Folgenden Leserbrief an die FAZ übernehme ich hiermit in meine
Link-Sammlung und empfehle ihn allen, denen noch etwas an der Erhaltung unserer
Sprache liegt, zur gründlichen Lektüre.
MR, den 20.7.2000. W. Näser
Frankfurter Allgemeine Zeitung
Chefredaktion / Herausgeber
Hellerhofstr. 2-4
60327 Frankfurt am Main
19. Juli 2000
Betreff: "Kreuzworträtsel; hier: Gedanken dazu ...
Sehr geehrte Damen und Herren,
heute morgen hielt mir ein Herr das beiliegende Blatt "nur die klügsten Köpfe fliegen nach New York" hin. Ihre Zeitung wird von klugen Köpfen gemacht, und in aller Regel steckt auch ein kluger Kopf hinter Ihrer aufgeschlagenen Zeitung. Sie erlauben, daß ich das Blatt zurückschicke - mit den Gratisscheinen ... Sie sehen, ich nehme Ihr - sonst so anspruchsvolles Blatt nicht einmal umsonst. Der Grund? Die neue sog. "Rechtschreibung". Seitdem die Zeitungen umgestellt haben, verzichte ich auf Presseerzeugnisse jeglicher Art. Mit "Altschreibbelletristik" bin ich versorgt, und Neues aus der Welt erfahre ich aus dem Äther. Das Radio ist "meine" Informationsquelle. Zugegeben: Gedrucktes wäre mir lieber, aber ich kann nicht!
Die abgrundtiefe Häßlichkeit der sprachwidrigen "ss"- resp. "sss"-Schreibungen in Nominalkomposita ist ekelerregend und läßt jeden Lesegenuß ersterben. Doch nicht nur das. Die Trennungen der Adjektive (= Eigenschaftswörter) ist unfaßbar! Daß dadurch gravierende Sinnentstellungen zustande kommen, müßten Sie bemerkt haben.
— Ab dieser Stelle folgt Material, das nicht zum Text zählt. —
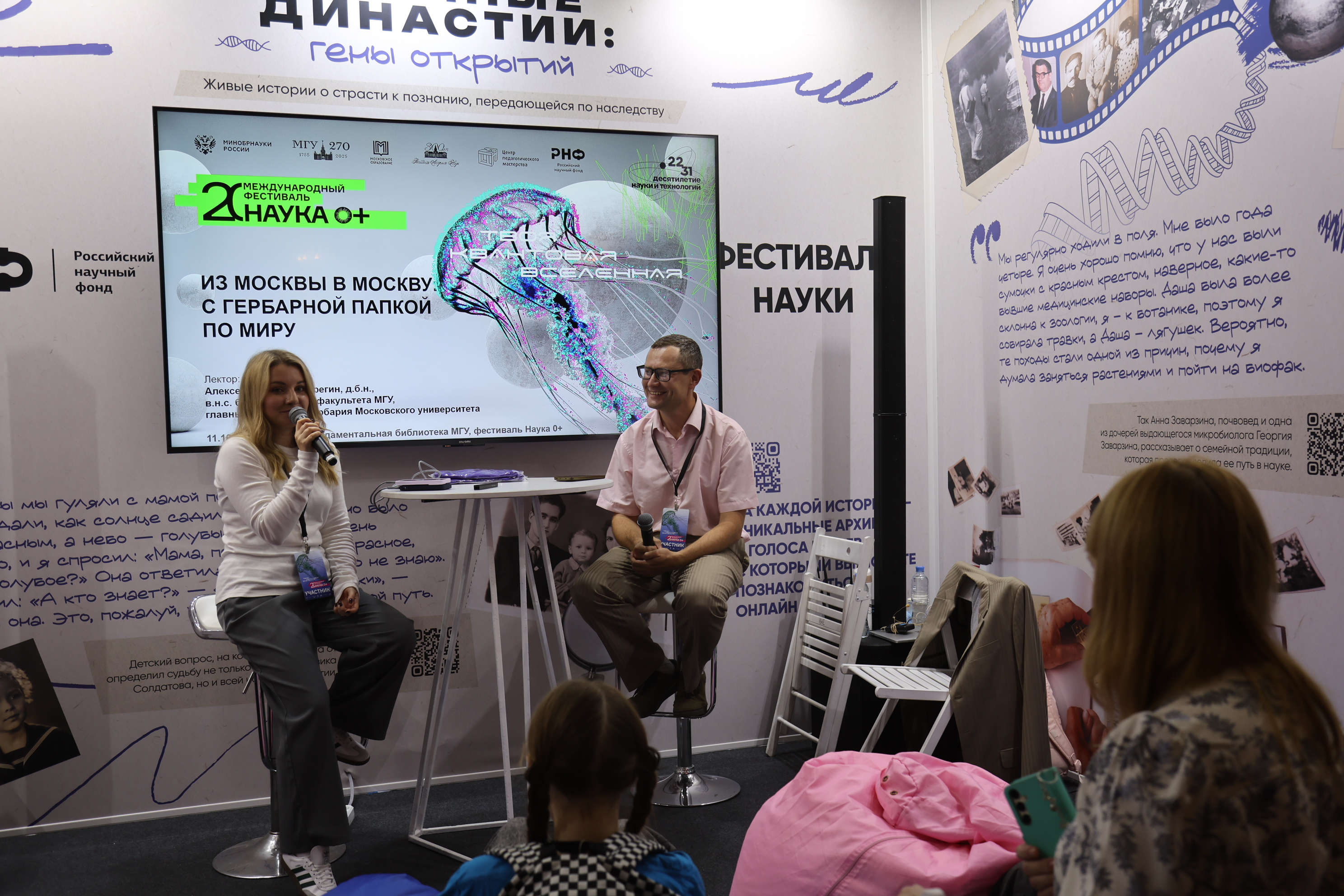 Особая атмосфера царила во время публичных интервью «Ученый на связи 0+». Алексей Серегин, ведущий научный сотрудник биофака МГУ имени М.В. Ломоносова, главный хранитель Гербария Московского университета, доктор биологических наук, рассказал об экспедициях, в которых можно обнаружить тысячи новых образцов растений, и о том, как семейная традиция может привести к выбору профессии. А палеонтолог Антон Колесников, заведующий лабораторией стратиграфии верхнего докембрия Геологического института РАН, поделился историями необычных находок возрастом более 500 млн лет и раскрыл научный прием: как отличить след древней жизни от обычного отпечатка на камне.

Partizip-Präsenz-Konstruktionen sind so grotesk, daß selbst Nichtgermanisten (zu denen ich gehöre) den Kopf schütteln.
Absurd auch, das auslautende "h" aus zwei Wörtern zu nehmen, und die "Stammprinzip"-Schreibung: lächerlich! "Er springt "behände" ..." Beileibe nicht! Hier ist die Ableitung von "Hand" verblaßt. Ein Mensch, der von schneller Entschlußkraft ist, ist ebenfalls "behände". Wo bleibt die semantische Logik?
Sie können nichts dafür, ich weiß, und wenn ich klage, so geschieht das nicht aus Unmut Ihnen gegenüber, sondern gegen die Kultusminister, ihren Erfüllungsgehilfen und den Mandatsträgern, die alles versucht haben, Volksbegehren zu verhindern.
Doch jetzt zum Kern: Bei der Lektüre stellt sich Unwohlsein ein ..., und mit dem Unwohlsein bleiben z.B. Imaginationen aus. Die Phantasie (z.B. bei Lesen des Feuilletons) wird "irritiert" - und der Lesegenuß ist dahin!
So wage ich die Behauptung aufzustellen, daß die Grapheme des gedruckten Wortes nicht bedeutungslos und beliebig austauschbar sind, sondern daß diese einen festen Bezug zum Inhalt haben. Die Schreibungen, wie sie über lange Zeiträume hinweg üblich waren, sind Teil unserer kulturellen Identität.
Gerade in Zeiten, in denen vieles lässig, beliebig und schlampig wird, ist es wichtig, dem Menschen das zu lassen, was er liebt ... Ich persönlich sehe langfristig Gefahr, daß aufgrund des kultusministeriellen Frevels an der Sprache die Wahlmüdigkeit zunimmt; Flucht in Protestwahlen wäre auch denkbar.
Im übrigen: Viele Deutschlehrer sind erkrankt - wegen der Reform! Die Rechtschreibreform ist verfassungswidrig. Die Bayerischen Verwaltungsblätter (Nr. 9/1999 vom 1.5.99) haben einen Aufsatz des Verfassungsrechtlers Dr. Wolfgang Roth gedruckt - eine bemerkenswerte Recherche! Aus der geht hervor, daß Änderungen in einem solchen Umfang verfassungswidrig sind! Falls Sie Interesse daran haben, schicke ich Ihnen den Aufsatz zu. Ich würde mich freuen, wenn Sie den Mut faßten, sich von der sog. Reformschreibung zu verabschieden.